Don’t you want to keep attending my classes?

Don’t you want to play with Titus and your classmates?

Don’t you want to grow up, turn into a childish adult, and work with me?

Aren’t you scared?

Aren’t you cold?

And, in response, Emilia gave him the brightest, fiercest smile he’d ever been given.

In this one moment, it was like he could see again.

“You’re so warm, Mister Zora,” she mouthed, fixing him with a watery, glittering gaze. “Just… like… ‘fire’...”

Time resumed.

The howling winds came back.

The world came back.

Amadeus Academy came back, Emilia smiled until her face turned into dust—and her slingshot threw him far over the southwestern gate, his blade cleaving through the bridge as he landed with a screeching halt.

He’d been thrown with enough force that somehow, someway, he slid to a kneel thirty strides in front of Nona, and his abrupt arrival made her dig her heels into the bridge.

Her face may be half-shrouded by a mask of crystalline ice, but there was no hiding the snarl that came from under her mask as threw her hands out, shouting “Frost spikes!” and sending a wave of ice at him.

For his part, he closed his eyes and exhaled, gripping onto the hilt of his sword with both hands.

He didn’t need to ‘see’ for this.

His hearing was good enough.

“... I’ll give you a piece of candy if you answer this question right, Nona,” he whispered. “Do you know the meaning of fire?”

He knew. He was fire, and it was born on the tip of his tongue, smoke choking out his mouth—and with an underhanded slash, he ripped his sword out of the ground, sliding a roaring wall of flames back at the Witch.

The bridge trembled.
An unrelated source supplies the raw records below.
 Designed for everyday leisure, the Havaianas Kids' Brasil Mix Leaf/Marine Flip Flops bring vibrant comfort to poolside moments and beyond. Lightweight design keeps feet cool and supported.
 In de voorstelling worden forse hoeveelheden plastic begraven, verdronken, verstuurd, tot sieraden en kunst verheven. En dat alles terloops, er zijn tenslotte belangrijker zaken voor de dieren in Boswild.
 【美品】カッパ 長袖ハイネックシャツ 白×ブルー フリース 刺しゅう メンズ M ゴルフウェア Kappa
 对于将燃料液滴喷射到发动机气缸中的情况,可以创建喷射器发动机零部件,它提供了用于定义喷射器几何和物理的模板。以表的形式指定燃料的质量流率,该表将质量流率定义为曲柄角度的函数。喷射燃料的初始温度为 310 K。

His sword shattered in his hands, unable to withstand the heat. An explosive force grazed both of them as fire met ice in a fiery battle, but it was his that triumphed, and his advancing wall of flames hadn’t come to a stop yet when Nona took a frightened step back, flinging more ice at him.
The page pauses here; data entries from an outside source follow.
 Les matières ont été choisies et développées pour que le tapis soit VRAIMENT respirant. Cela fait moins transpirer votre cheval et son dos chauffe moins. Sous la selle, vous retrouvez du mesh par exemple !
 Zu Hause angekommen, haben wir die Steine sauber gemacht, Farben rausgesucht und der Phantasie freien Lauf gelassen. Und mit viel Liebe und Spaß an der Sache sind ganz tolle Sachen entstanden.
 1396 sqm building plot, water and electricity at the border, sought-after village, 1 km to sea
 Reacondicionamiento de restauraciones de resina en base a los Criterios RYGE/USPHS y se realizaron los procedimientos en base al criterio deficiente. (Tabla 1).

None of them could stop the flames from slamming into her, enveloping her, and melting her frost armour as she fell over backwards with a pained screech.

Maybe the flames didn’t actually hurt, but it certainly made her drop her wand.
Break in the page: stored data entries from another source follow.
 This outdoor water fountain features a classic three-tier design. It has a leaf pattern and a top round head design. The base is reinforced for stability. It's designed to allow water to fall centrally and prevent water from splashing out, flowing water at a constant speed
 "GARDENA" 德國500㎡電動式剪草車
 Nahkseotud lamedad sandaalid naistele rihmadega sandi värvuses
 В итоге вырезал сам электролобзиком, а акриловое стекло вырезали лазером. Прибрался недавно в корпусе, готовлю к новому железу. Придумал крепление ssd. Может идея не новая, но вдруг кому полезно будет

“Wand!” she screamed. “To–”

“Me.”

He’d lost his, but now he had hers. The spiral wand zipped into his fast, wild, and full of wrath. The velveted leather felt warm in his hand as he felt around, searching for a button—and there was one. How diligent of the mages. To think they even made a weapon crafted from the flesh of a Lesser Insect God able to transform between a wand and a sword… he certainly had them to thank when it was eventually his turn to die.

But there were only going to be two deaths on this night, and the Witch, bloodied and battered, threw herself at him as he advanced steadily.

He snapped his wand into a spiral sword, flicking it to the side and severing one of her slashing claws. One, two, three more claws swiped at him in swift, heavy blows. He heard them all. He caught them all with his blade, silent as he parried them repeatedly. Despite her overwhelming strength and speed, the orchestra in the courtyard was still playing, and it was the anthem of Amadeus Academy that stabbed at the Witch’s eardrums, preventing her from fighting at full focus.

“... Twenty-one years,” he said, slicing between slashes and cutting out a chunk of her throat, making her scream as she fell backwards. “You have travelled across continents, destroyed entire armies, and felled dozens upon dozens of fortified boroughs. Is this not the wand worth more than a thousand human lives? How could you let it go just like that?”

She tried to scramble to her feet, but he closed the distance in a flash, and in another moment he had her pinned to the ground with one foot on her unarmoured chest. Her claws ripped into his leg and tried to rend flesh from blood, but frankly, his blood was burning far, far too much for him to feel anything.

He didn’t feel like talking with the bug any further, either.

So he rammed his sword through the hole in her chest, raised her into the air, and whispered “firestrike”—a fiery spell shot straight into her heart as a snarling, crackling javelin.

It was ‘magic’ that made Amadeus Academy rumble against the mountainside.

And it was a human who killed a Lesser Insect God.